------ Dataset content

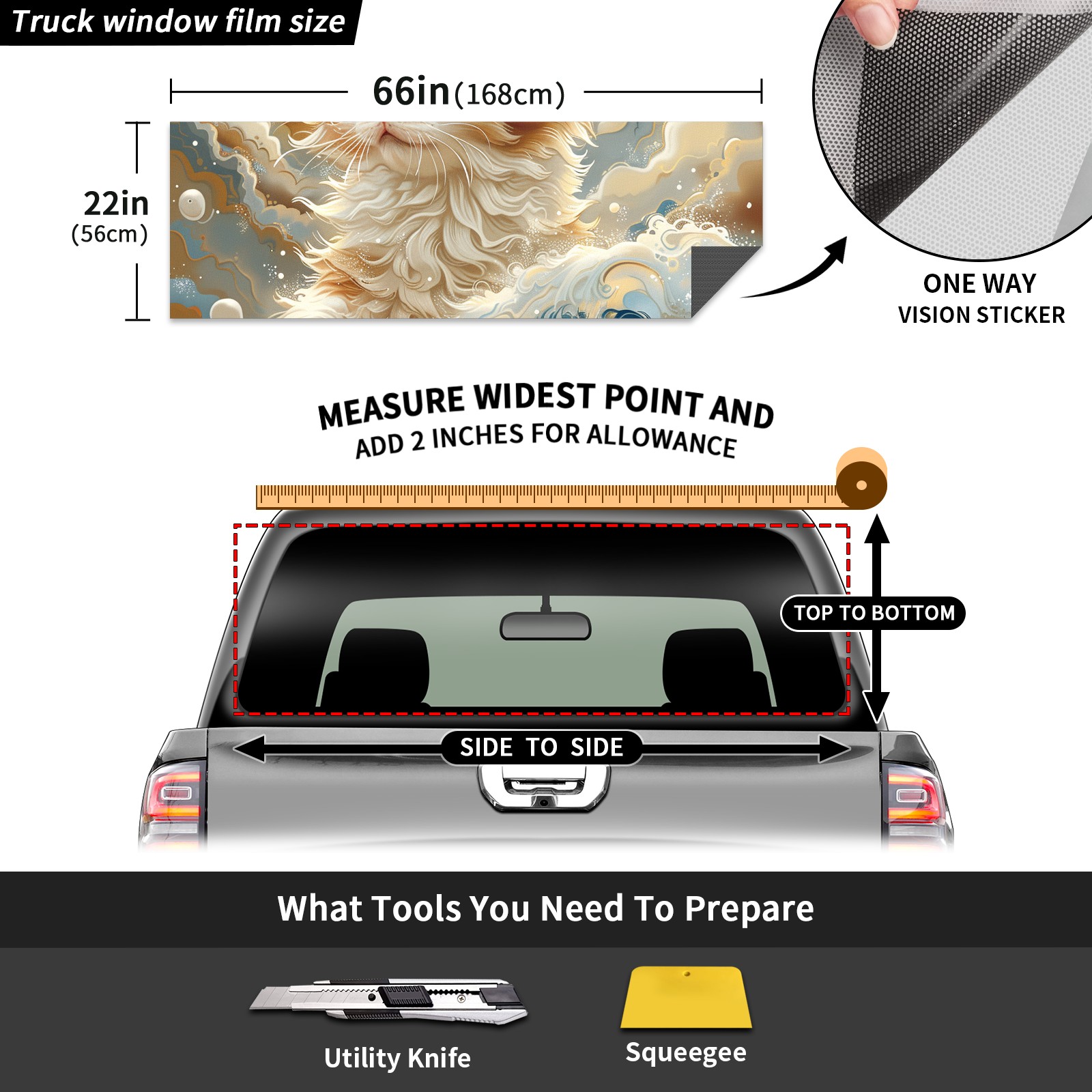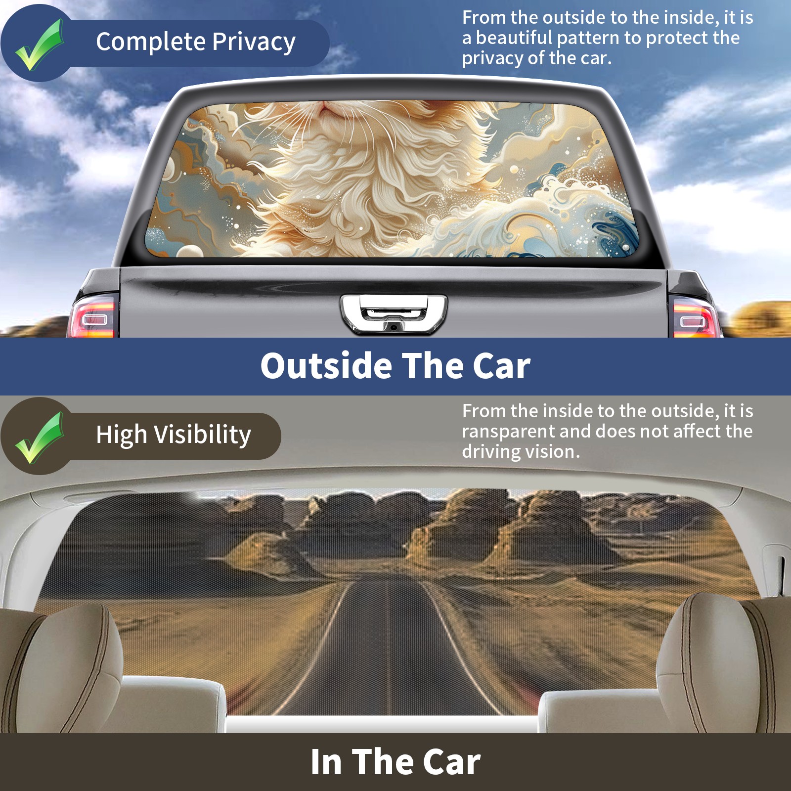 Truck Rear Window Graphics Decals Pickup Trucks Back Window Sticker Full Window Film Decal One Way Visual Waterproof Car Rear Tint Persian Cat
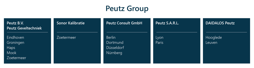 Peutz bietet eine unabhängige Beratung, spezialisiert auf ein breites Spektrum von Fachbereichen. Diese reichen von Akustik, Bauphysik und Stadtbauphysik über Schallschutz und Umwelttechnik bis hin zur Baudynamik, Nachhaltigkeit und Optimierung der Arbeitsbedingungen. Die Peutz Group ist in den Niederlanden, Deutschland, Frankreich und Belgien ansässig. Ihre 5 Beratungsunternehmen mit über 300 Mitarbeitenden sind an 12 Büro- und 5 Laborstandorten ansässig.
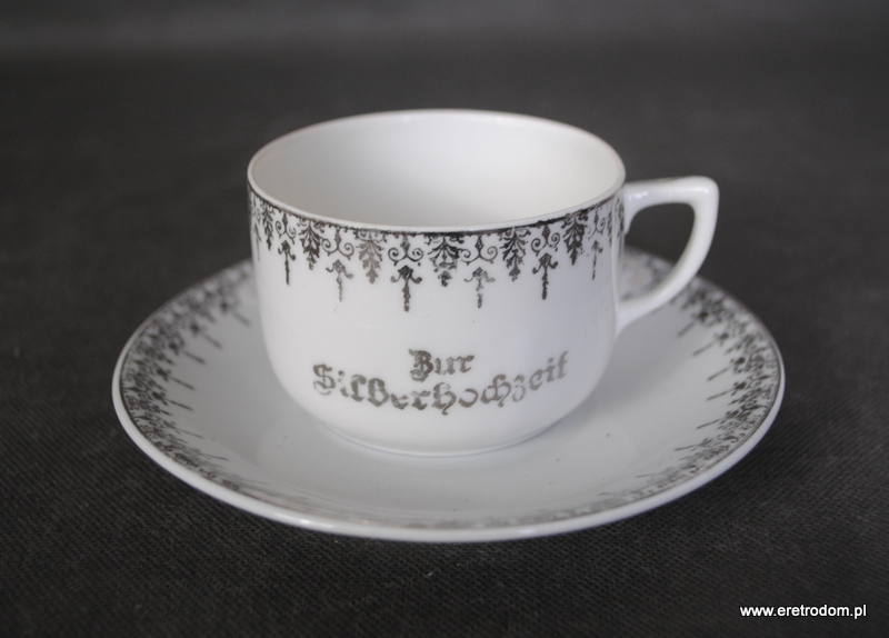 Okazjonalna filiżanka ze spodkiem, Giesche, I poł. XXw. Biała porcelana srebrzona.

------------

Beginning with the line that contains "Peutz bietet eine" and ending with the last line of the data above, output those lines exactly and nothing more, without any pictures.

 Peutz bietet eine unabhängige Beratung, spezialisiert auf ein breites Spektrum von Fachbereichen. Diese reichen von Akustik, Bauphysik und Stadtbauphysik über Schallschutz und Umwelttechnik bis hin zur Baudynamik, Nachhaltigkeit und Optimierung der Arbeitsbedingungen. Die Peutz Group ist in den Niederlanden, Deutschland, Frankreich und Belgien ansässig. Ihre 5 Beratungsunternehmen mit über 300 Mitarbeitenden sind an 12 Büro- und 5 Laborstandorten ansässig.
 Okazjonalna filiżanka ze spodkiem, Giesche, I poł. XXw. Biała porcelana srebrzona.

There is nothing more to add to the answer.